ES EN
















         
POSTMODERN LOVE
 
2015-2017  


In a hyperconnected world, with the internet internalized as a basic necessity in our daily lives, we have created our homes as refuges from reality. These homes serve as alternative spaces for resistance to the unstoppable present and its speed, acting as shelters connected to the exterior where screens are our true windows to the outside.

From there, we have become familiar with “virtual relationships.” These relationships are easy to access and exit, appearing practical, hygienic, and user-friendly compared to the “real thing,” which is heavy, slow, inert, and complicated. Virtual interactions provide a false sense of intimacy, offering reassurance and the illusion of connection, but ultimately isolating us from real-life connections. They embody the instantaneous and disposable nature of our society.

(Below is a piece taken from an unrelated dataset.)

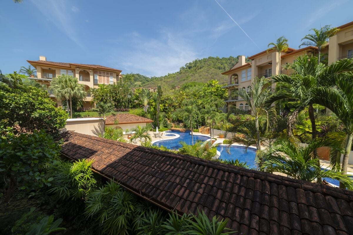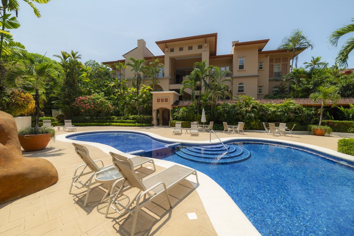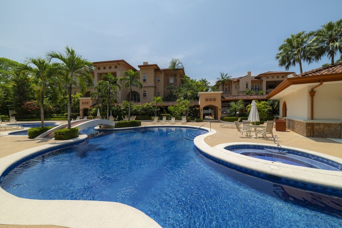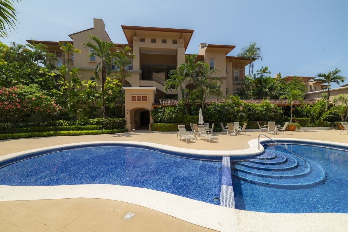 This luxurious 3,200 sq. ft. Spanish Mediterranean condo features 3 bedrooms and 3.5 bathrooms, offering ocean views and views of the exclusive Beach Club. Enjoy vaulted ceilings, Italian ceramic flooring, and spacious terraces. The gourmet kitchen and open-concept living area provide an ideal space for entertaining, while central air, a washer, and dryer add modern convenience. Experience true Costa Rican luxury in a beautiful, private setting.

In this context, it is becoming increasingly difficult to differentiate between the lives we develop outside the internet (offline) and within it (online). We are learning to live between the bodies we inhabit outside the network and the images that represent us in the digital environment. We are becoming objects inserted into the World Wide Web and social networks, and we have begun to identify other users by their images, which establish new and powerful relationships with our bodies and our affections.

In Postmodern Love, I present a series of artworks composed of oil paintings, videos and an instalation based on people whose understanding of the world is constructed through the lens of digital interactions rather than direct personal experiences.